Quality Control Specialist

job details:

  • location:Rockville, MD

  • salary:$21.56 - $25.36 per hour

  • date posted:Wednesday, December 5, 2018

  • experience:3 Years

  • job type:Contract

  • industry:Professional, Scientific, and Technical Services

  • reference:27196

job description

Quality Control Specialist

job summary:

  • The analytical support specialist supports the operation and performance of key business information systems critical to the Quality Control Organization.

  • Supports delivery of strategic IT programs to Quality Control Organization.

  • Works with key business personnel at the site as well as above site support in implementing programs that align with the needs and efforts of the Quality Control Organization.

  • This includes business needs assessments, risk and priority assignment, and project justification and approval skills and experience.

location: Rockville, Maryland

job type: Contract

salary: $21.56 - 25.36 per hour

work hours: 9 to 5

education: Bachelors

responsibilities:

  • Serve as system administrator on laboratory systems to identify, analyze, and troubleshoot problems.

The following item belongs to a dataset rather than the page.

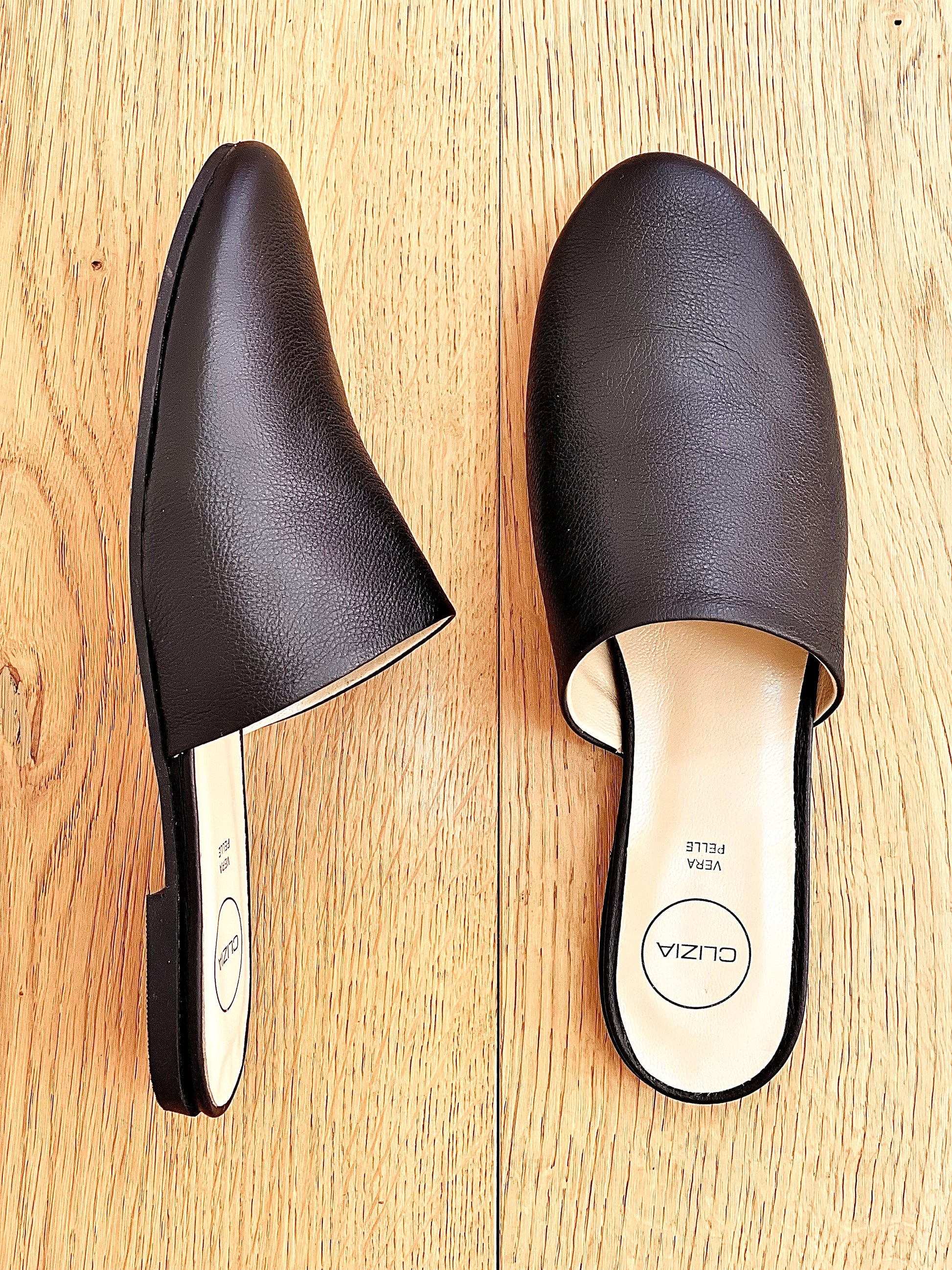 Mules basses Sabot à bout rond en cuir souple.

  • Assist with development of system administration process

  • Deliver user, process, and technical specifications and design documents.

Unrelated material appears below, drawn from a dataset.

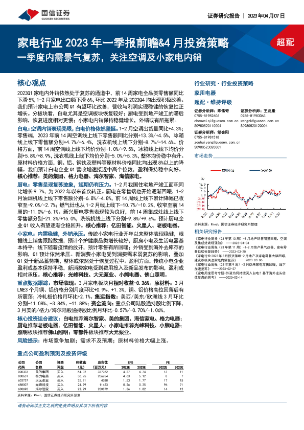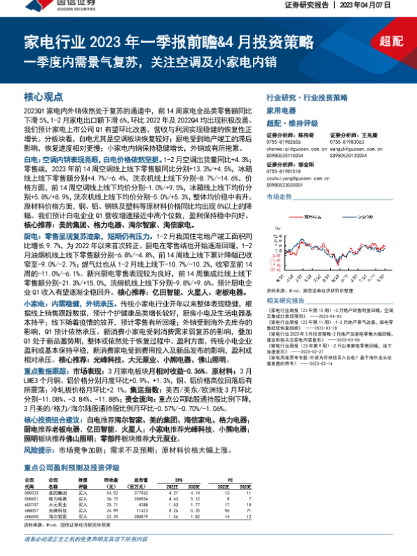 【国信证券】【20230407】家电行业2023年一季报前瞻&4月投资策略:一季度内需景气复苏,关注空调及小家电内销-22页

  • Assess laboratory systems for regulatory compliance requirements.

  • Implement solutions to ensure laboratory systems compliance

  • Develop and report key usage and performance metrics for systems.

  • Provide user training and support.

  • Manage efforts throughout the life-cycle of laboratory equipment. From planning thru decommissioning.

  • Assist with development of laboratory system life-cycle management process

  • Author, revise, and review SOPs as necessary.

qualifications:

  • Minimum Level of Education* BS degree in scientific discipline

  • Laboratory system experience and general GMP

  • Preferred Level of Education BS/ MS

  • 3-5 years experience managing information systems in a GxP regulated environment

  • Strong interpersonal and leadership skills. Solid team player able to function within a team based organization.

  • Strong verbal and written communication skills.

  • Able to interact with peers and senior personnel in a multidisciplinary environment including validation, production and IT

  • Ability to prioritize and decide appropriate course of actions. Effective at implementing decisions and multi-tasking.

  • Fully versed in GMP's, NIH, ICH Guidelines, FDA and other regulatory agency requirements for validation and operations of analytical and stability functions.

skills: Quality control, SOP, ICH Regulations, GMP (Good Manufacturing Practice)

Equal Opportunity Employer: Race, Color, Religion, Sex, Sexual Orientation, Gender Identity, National Origin, Age, Genetic Information, Disability, Protected Veteran Status, or any other legally protected group status.